Так мало писатели ценят важность прямого видения и опыта, что они в целом молчат о том, что сами видели и чувствовали, и обильны в сообщении опыта других. Более того, они настоятельно побуждаются говорить то, что, как они знают, думают другие, и что, следовательно, от них самих можно ожидать. Они как будто встревожены своей собственной индивидуальностью и подавляют все ее следы, чтобы уловить общий тон. Такие люди могут, действительно, быть полезны в обычной торговле Литературой как дистрибьюторы. Все, что я хочу указать, это то, что они дистрибьюторы, а не производители. Торговля может обслуживаться репортерами из вторых рук не меньше, чем оригинальными провидцами; но мы должны понимать, что эта услуга коммерческая, а не литературная. Общий запас знаний не получает от этого никакого прибавления. Человек, который обнаруживает новый факт, новое свойство в знакомом веществе, добавляет к науке века; но человек, который излагает всю систему вселенной по отчетам других, непросветленный новыми концепциями своего собственного, не добавляет ни крупицы к общему запасу. Великие писатели могут быть узнаны по их заботе об аутентичности. Обычный инцидент, простое явление, которое было частью их опыта, часто подвергается тому, что можно назвать «преображением» в их душах, и выходит в форме Искусства; в то время как многие волнующие мир события, в которых они не были участниками, или величественные явления, свидетелями которых они никогда не были, оставлены ими на несомненную некомпетентность писателей, которые воображают, что прекрасные темы делают прекрасные работы. Либо великий писатель оставляет такие материалы нетронутыми, либо он использует их как средство для более заветных, потому что более аутентичных известий, — он рисует руины империи как живописный фон для своей картины бедствия двух простых сердец. Низший писатель, потому что он не делает акцента на аутентичности, не может понять этого избегания внушительных тем. Осужденный наивной неспособностью быть репортером, а не провидцем, он надеется сиять отраженным светом своих предметов. Естественно для него принимать амбициозное искусство за высокое искусство. Он не чувствует, что лучшее — это самое высокое.

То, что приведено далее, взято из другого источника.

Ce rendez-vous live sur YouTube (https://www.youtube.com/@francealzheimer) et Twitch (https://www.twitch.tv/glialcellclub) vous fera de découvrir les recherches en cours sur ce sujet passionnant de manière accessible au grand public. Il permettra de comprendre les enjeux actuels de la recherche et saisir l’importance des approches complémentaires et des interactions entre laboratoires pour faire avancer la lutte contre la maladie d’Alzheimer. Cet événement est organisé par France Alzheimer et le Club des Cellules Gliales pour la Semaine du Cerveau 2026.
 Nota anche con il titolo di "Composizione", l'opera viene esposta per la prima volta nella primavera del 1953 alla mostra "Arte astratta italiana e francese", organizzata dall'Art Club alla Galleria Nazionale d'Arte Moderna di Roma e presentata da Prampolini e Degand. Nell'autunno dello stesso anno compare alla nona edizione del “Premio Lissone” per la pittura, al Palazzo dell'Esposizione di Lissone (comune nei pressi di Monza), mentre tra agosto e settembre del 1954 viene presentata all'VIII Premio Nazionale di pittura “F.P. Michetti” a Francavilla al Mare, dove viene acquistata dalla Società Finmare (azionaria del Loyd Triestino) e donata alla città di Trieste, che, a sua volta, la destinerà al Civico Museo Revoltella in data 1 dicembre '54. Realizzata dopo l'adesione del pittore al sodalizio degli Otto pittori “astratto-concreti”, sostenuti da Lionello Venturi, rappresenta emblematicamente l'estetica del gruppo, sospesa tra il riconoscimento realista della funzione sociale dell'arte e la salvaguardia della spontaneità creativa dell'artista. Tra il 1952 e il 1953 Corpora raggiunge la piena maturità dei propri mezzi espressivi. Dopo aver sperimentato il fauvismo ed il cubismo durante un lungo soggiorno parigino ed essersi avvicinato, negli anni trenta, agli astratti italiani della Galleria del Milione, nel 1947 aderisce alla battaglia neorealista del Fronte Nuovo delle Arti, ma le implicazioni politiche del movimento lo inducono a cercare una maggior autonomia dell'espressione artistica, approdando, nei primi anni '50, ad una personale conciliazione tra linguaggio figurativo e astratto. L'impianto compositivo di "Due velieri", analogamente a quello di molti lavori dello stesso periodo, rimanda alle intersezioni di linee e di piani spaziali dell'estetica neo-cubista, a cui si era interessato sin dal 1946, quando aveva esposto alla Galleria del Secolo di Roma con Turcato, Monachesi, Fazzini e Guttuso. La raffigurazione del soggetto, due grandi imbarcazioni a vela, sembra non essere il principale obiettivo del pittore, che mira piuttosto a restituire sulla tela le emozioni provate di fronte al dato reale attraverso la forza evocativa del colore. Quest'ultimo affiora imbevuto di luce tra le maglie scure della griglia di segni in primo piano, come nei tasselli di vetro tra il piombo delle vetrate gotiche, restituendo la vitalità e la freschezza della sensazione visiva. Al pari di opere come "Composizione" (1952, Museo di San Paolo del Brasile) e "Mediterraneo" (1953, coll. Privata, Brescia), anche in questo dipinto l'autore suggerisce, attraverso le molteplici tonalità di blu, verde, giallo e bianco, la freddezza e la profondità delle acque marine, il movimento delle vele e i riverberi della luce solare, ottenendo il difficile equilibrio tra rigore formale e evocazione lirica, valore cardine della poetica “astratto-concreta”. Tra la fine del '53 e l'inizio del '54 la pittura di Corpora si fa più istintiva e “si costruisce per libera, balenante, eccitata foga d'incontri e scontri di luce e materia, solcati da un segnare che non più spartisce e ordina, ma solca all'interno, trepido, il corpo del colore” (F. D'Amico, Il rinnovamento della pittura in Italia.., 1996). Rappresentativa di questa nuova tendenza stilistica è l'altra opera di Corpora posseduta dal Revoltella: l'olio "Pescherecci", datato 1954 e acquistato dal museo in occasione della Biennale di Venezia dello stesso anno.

Я не утверждаю, что низшие писатели воздерживаются от знакомого и тривиального. Напротив, как подражатели, они подражают всему, что великие писатели показали как источники интереса. Но их уклон — в сторону великих предметов. Они не делают новых попыток в направлении личного опыта. Они молчат обо всем, что действительно видели сами. Неспособные увидеть глубокое значение того, что является общим, они спонтанно поворачиваются к необычному.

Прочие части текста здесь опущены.